10. A risk monitoring system for economizer pipeline blockage based on intelligent operating condition identification, characterized in that: The method for monitoring economizer pipeline blockage risk based on intelligent operating condition identification as described in any one of claims 1-9 includes: The data acquisition module is used to take the start time of the economizer's operating cycle as the monitoring starting point and collect operating condition monitoring data within a preset monitoring time window according to the light chemical condition monitoring indicators. The risk prediction module is used to predict the risk of pipeline blockage in the economizer based on the operating condition monitoring data and obtain the current predicted pipeline blockage probability. The deviation calculation module is used to calculate the deviation of the blockage risk based on the current predicted pipeline blockage probability, using a preset blockage probability curve as a benchmark.
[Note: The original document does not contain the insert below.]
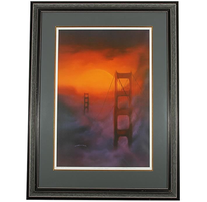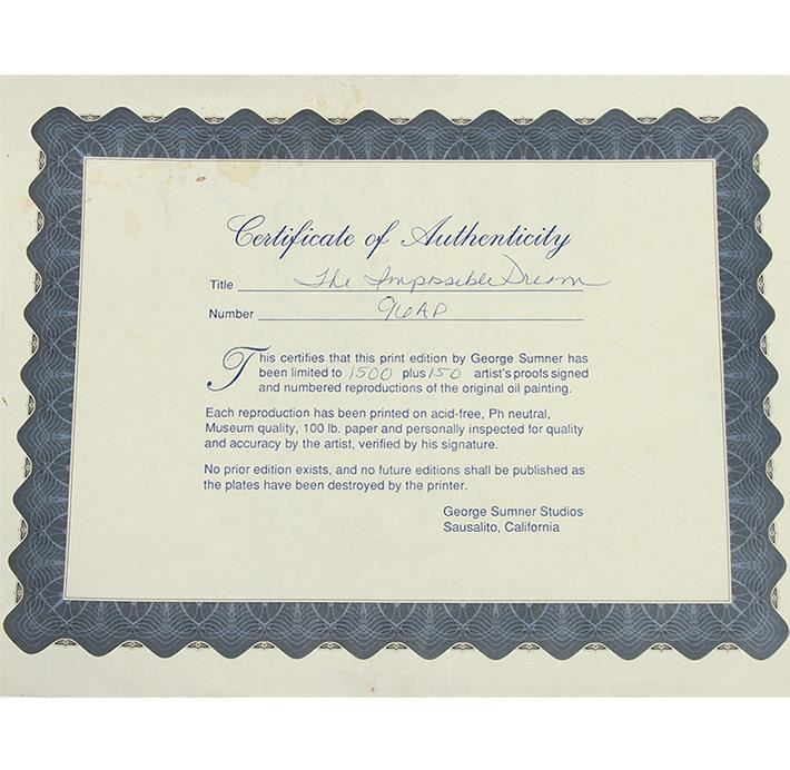 The impossible dream by George Sumner is a 22" by 32" lithograph that is signed and numbered 96 of 150. Official painting for the 50th Golden Gate Bridge celebration San Francisco, Ca. The dimensions of the frame are 30" by 39.5". Comes with certificate of authenticity by George Sumner Studio, Sausalito.
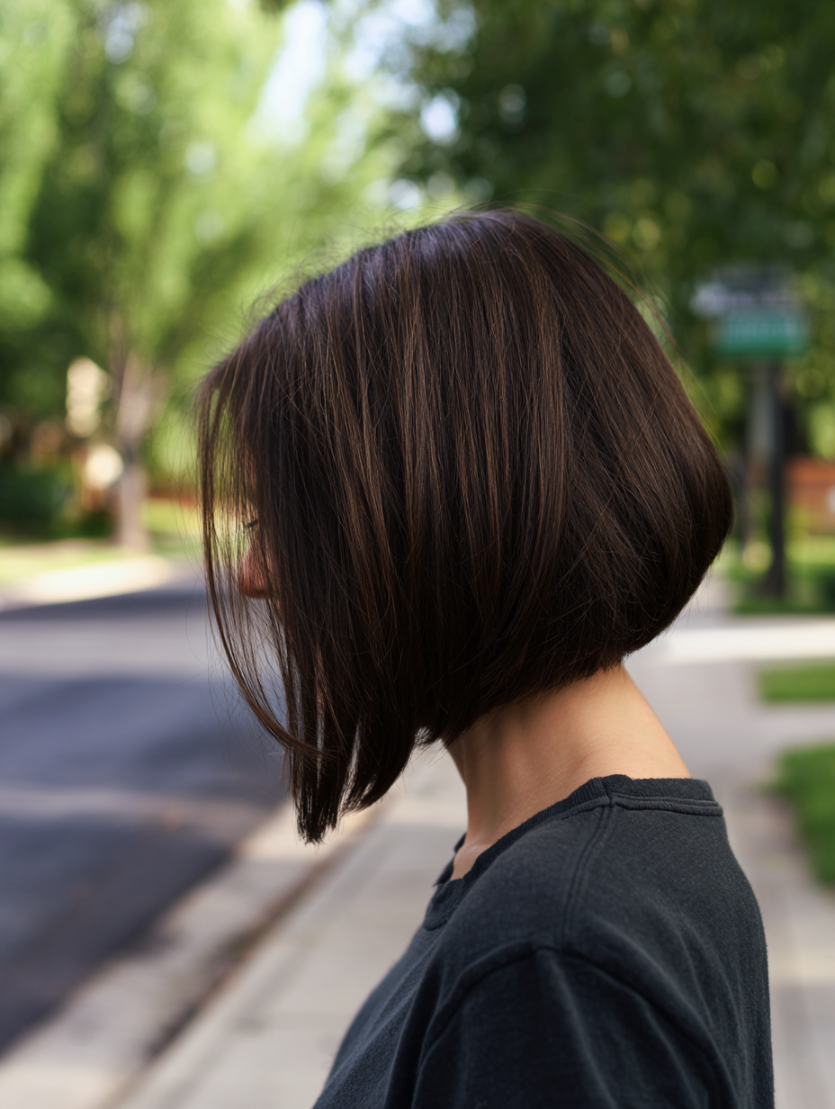 The blunt edges create a clean outline that feels modern. Many women choose this haircut when they want something neat and strong without adding unnecessary volume.

The parameter optimization module is used to adjust the operating condition monitoring indicators and the monitoring time window based on the operating condition monitoring data, the current predicted pipeline blockage probability, and the blockage risk deviation, respectively, to obtain optimized operating condition monitoring indicators and optimized monitoring time window; The unblocking execution module is used to perform data monitoring and pipeline blockage risk prediction according to the optimized operating condition monitoring indicators within the optimized monitoring time window. If the predicted pipeline blockage probability exceeds the preset threshold, the jaw counter-rotating screen crusher is activated to perform active unblocking.